We usually ignore the denominator (i.e. the normalizing constant) as we are only concerned with optimization here, so proportionality is sufficient.

If we replace the likelihood in the MLE formula above with the posterior, we get:

\begin{align} \theta_{MAP} = \underset{\theta}{\operatorname{argmax}}P(X | \theta)P(\theta) \end{align}

Following same line of reasoning as we used for MLE calculation, we can take the log of this function

\begin{align} \theta_{MAP} = \underset{\theta}{\operatorname{argmax}}\log P(X | \theta)P(\theta) \end{align}

\begin{align} \theta_{MAP} = \underset{\theta}{\operatorname{argmax}} \log \underset{i}{\operatorname{\prod}} P(x_i | \theta)P(\theta) \end{align}

\begin{align} \theta_{MAP} = \underset{\theta}{\operatorname{argmax}} \underset{i}{\operatorname{\sum}} \log P(x_i | \theta)P(\theta) \text{ - (According to log properties)} \end{align}

So this is our MAP equation. Comparing this with MLE , the key difference is the prior $P(θ)$, otherwise they are identical.

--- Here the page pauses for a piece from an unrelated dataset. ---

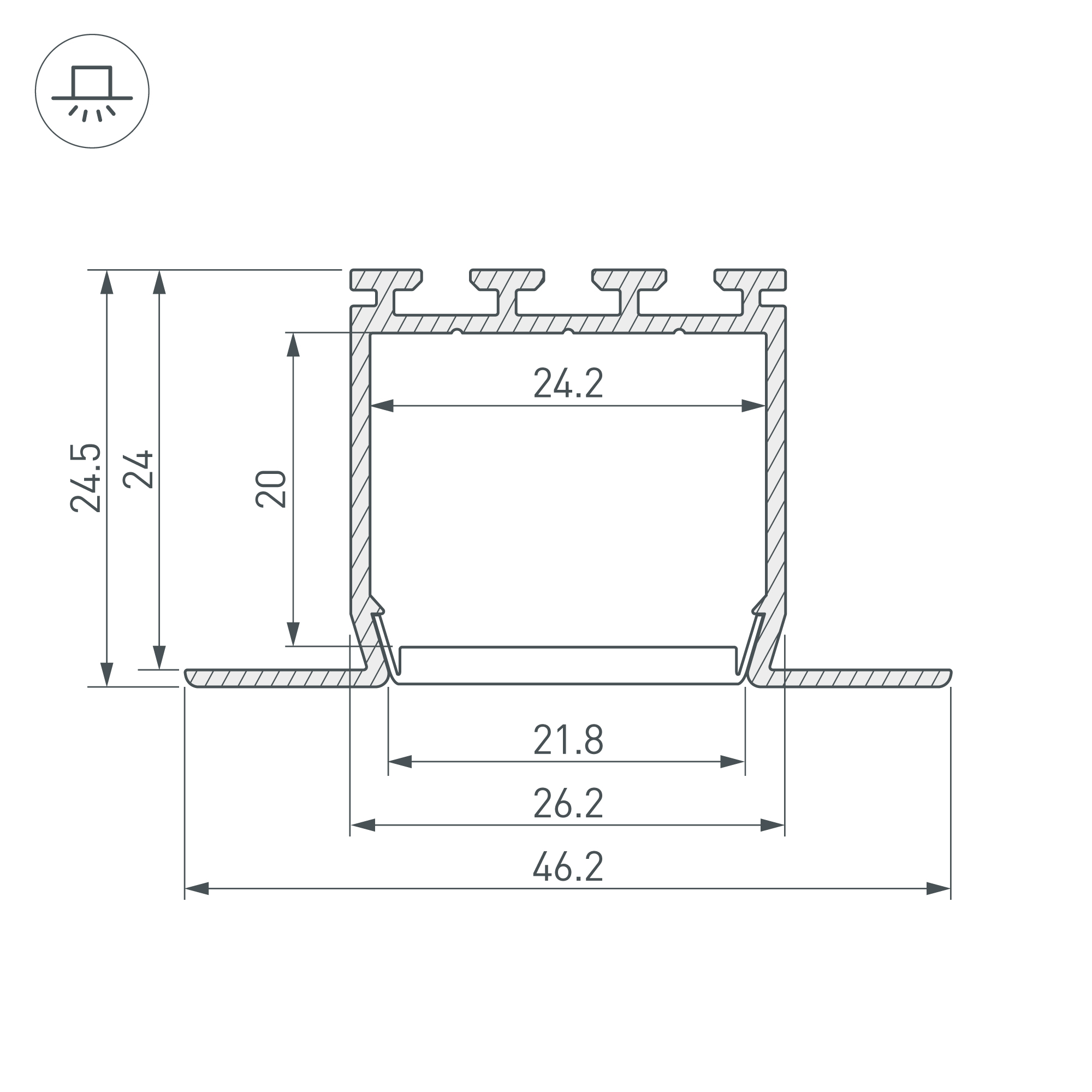 Габаритные размеры профиля составляют 2000 мм в длину, 46,2 мм в ширину и 24,5 мм в высоту. Площадка для установки светодиодных лент позволяет использовать ленту шириной до 24,2 мм и мощностью до 33,2 Вт/м. Это обеспечивает гибкость в выборе светодиодных лент и создает потрясающие световые решения.

With MAP, the likelihood is weighted with some weight coming from the Prior $P(θ)$.

The Beta Prior

We can choose the simplest prior in our MAP estimation, i.e. uniform prior. This means, we assign equal weights everywhere, on all possible values of the θ. Below is an exmaple of a uniform prior ( A Beta Distribution ) showing equal outcomes for a values of theta.

The implication is that the likelihood is equivalently weighted by some constants. Being constant, we could be ignored from our MAP equation, as it will not contribute to the maximization.

We can be more precise by assigning six possible values into θ. Now, our prior P(θ) is 1/6 everywhere in the distribution. And consequently, we could ignore that constant in our MAP estimation.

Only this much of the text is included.